The initial conditioning phase of the study started 1 h after the patients admission to ICU, to allow the effects of isoflurane and neuromuscular blocking agents administered during surgery to wear off. All subjects were intubated and ventilated during the conditioning phase. We recorded each patients age, sex, sedation level (using the Observer Assessment of Alertness and Sedation scale12), bispectral index (BIS) score (F-A group only), the dosage of fentanyl and midazolam received during surgery, and the rate of propofol infusion in ICU. The unavailability of a BIS monitor prevented us recording BIS in the PDP group.
Memory testing
Two well-recognized memory tests were investigated, F-A testing (n=33) and PDP (n=26). Both of these tests have been used extensively to investigate memory in sedated and anaesthetized subjects.3 1316
F-A testing
We tested implicit memory by using category-exemplar word-pairs (e.g. animallion) given while sedated and subsequently comparing recall of the words heard (targets) with a control list of word-pairs not heard (distractors). Any implicit memory of the conditioning phase in ICU should result in a significantly greater frequency of correct responses to target words relative to distractors.
With most (67%) still deeply sedated, patients in the F-A group were presented with one of two different lists (list A or B, Appendix 1) of 10 category-exemplar word-pairs. All words were presented five times using pre-recorded lists from a computer, through headphones. Patients were randomly assigned to either list A or list B.
The memory testing phase of the study began once patients were awake and lucid, on average 1.5 days after surgery. Patients underwent an F-A test, whereby the category word from every word-pair in both lists A and B (i.e. targets and distractors) was played in random order through headphones to the patient, and the patient was asked to respond with the first word which came to mind. Nothing was an acceptable answer. Correct and incorrect responses were manually recorded. The headphones and voice used during the testing phase were identical to those used during the conditioning phase, to give all possible cues to memory.
PDP
The PDP uses word-stem completion tests to measure implicit memory formation, and also to ascertain the existence of any explicit memories that may have been formed.17 The presented words are split into inclusion and exclusion lists, with the patient being given different tasks for each. The inclusion list requires the patient to complete each stem with a five-letter word recalled from ICU, or failing that, the first five-letter word that comes to mind. Both implicit and explicit memory contributes to the patients score here. In contrast, the exclusion word list requires the patient to respond with a different word from that heard in ICU, or else in the absence of recall, with the first word that comes to mind. Therefore, any explicit memory present will result in a lower score on the exclusion stems than on the inclusion stems, while implicit memory will raise both scores above the level of random guessing.

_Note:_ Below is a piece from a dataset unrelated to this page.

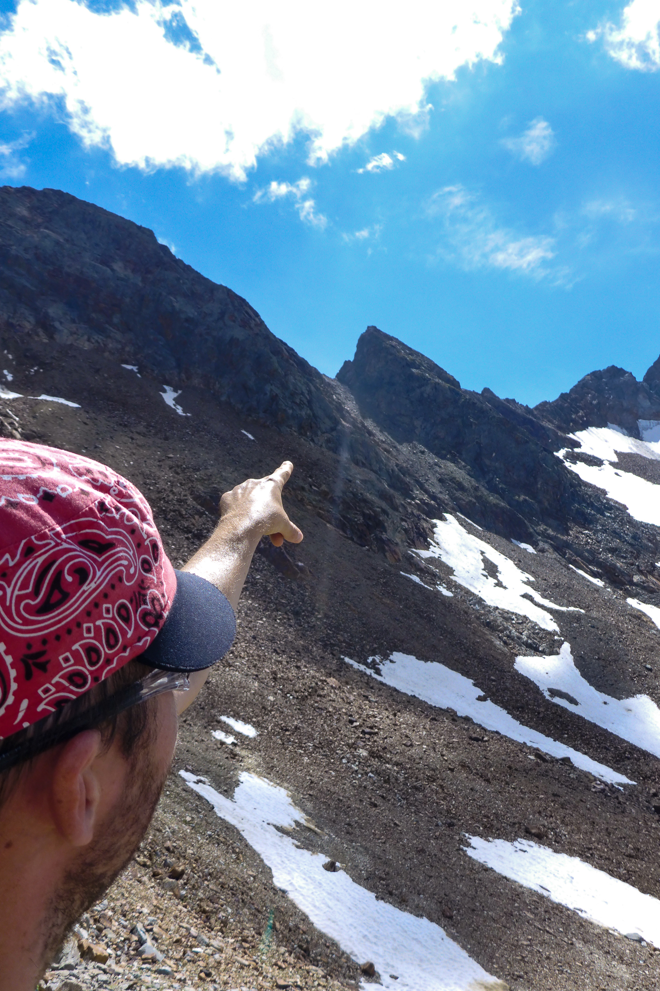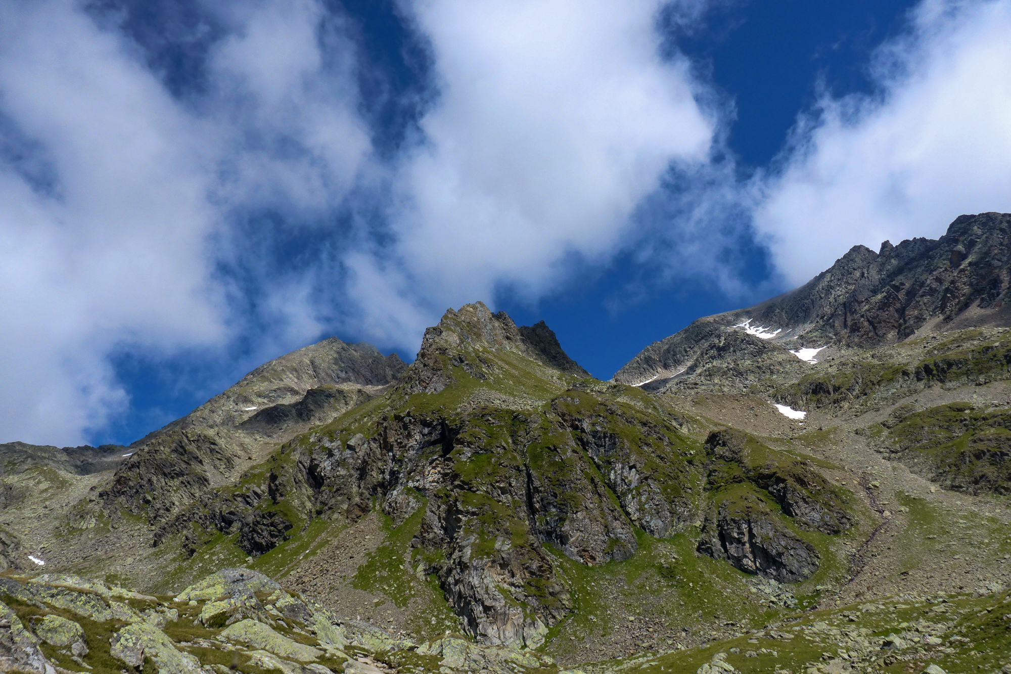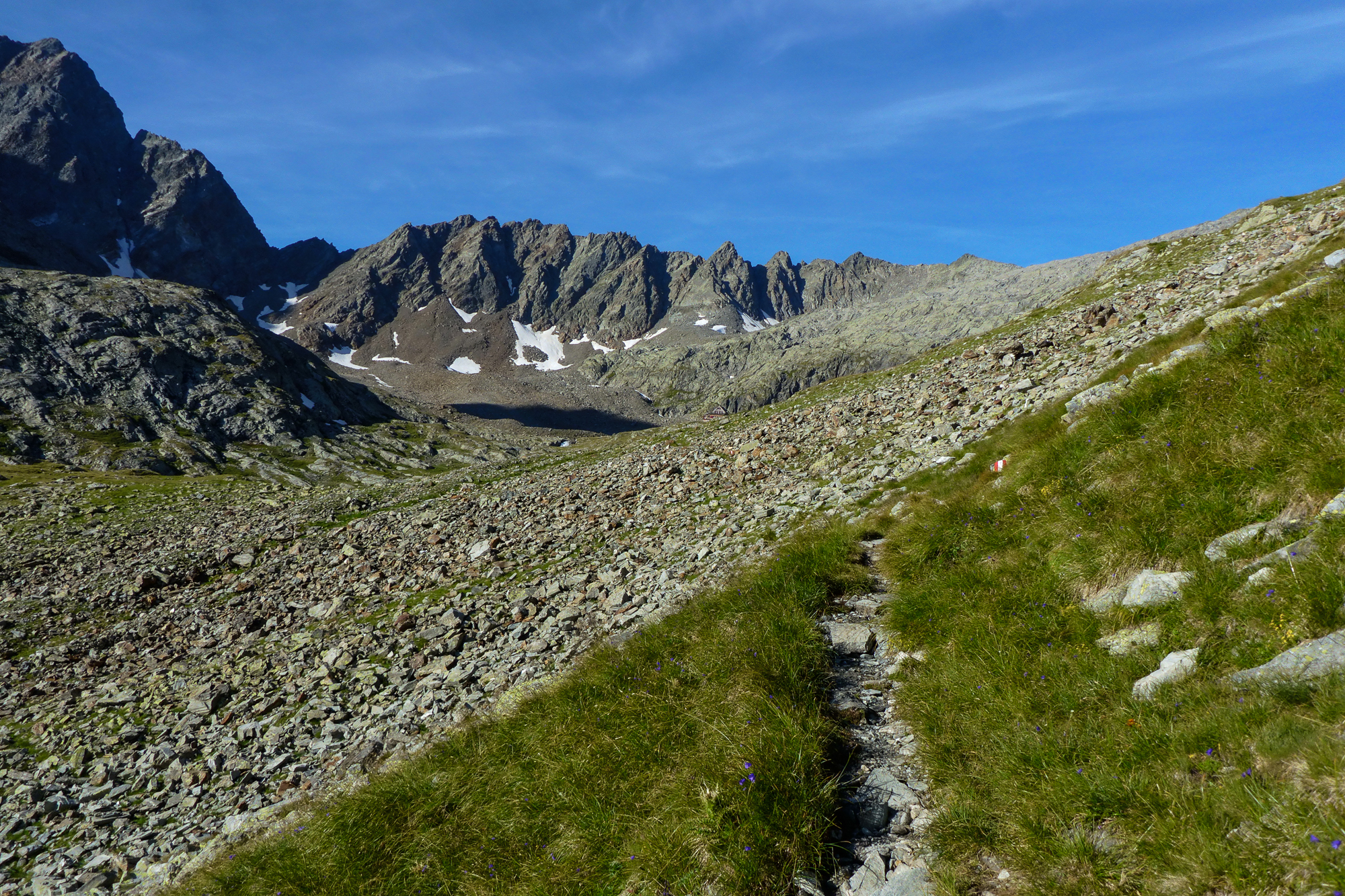 Wir überquerten zuerst ein paar Altschneefelder und kämpften uns mühsam eine rutschige Geröllhalde nach oben zur Hornscharte.

With the majority (92%) still deeply sedated, patients were presented with pre-recorded words from a computer, through headphones. Patients were divided into four sub-groups (groups iiv), and presented with one of two lists (list Y or Z, Appendix 2) of 16 five-letter words. For each of 640 cycles, the computer randomly chose one of the 16 words to present. Thus, each word was presented approximately 40 times.
Once patients were awake and lucid, usually 3 days after surgery, they were tested for implicit and explicit memory of the words heard in ICU. The average time between the conditioning and testing phases was longer amongst the PDP group, because of the more complex nature of the PDP testing, which required patients to be more fully recovered. Patients were played all word-stems from both lists Y and Z, with the words not heard previously acting as distractors. Half of the words from each list were used in the inclusion phase of testing and the other half in the exclusion phase. Counter-balancing was used to eliminate bias, as described by Lubke.3 Responses were recorded as hits if they matched the five-letter word the stem was derived from. Responses in the singular were accepted even if the original word was plural, and patients could choose to pass if they could not think of a word within 5 s.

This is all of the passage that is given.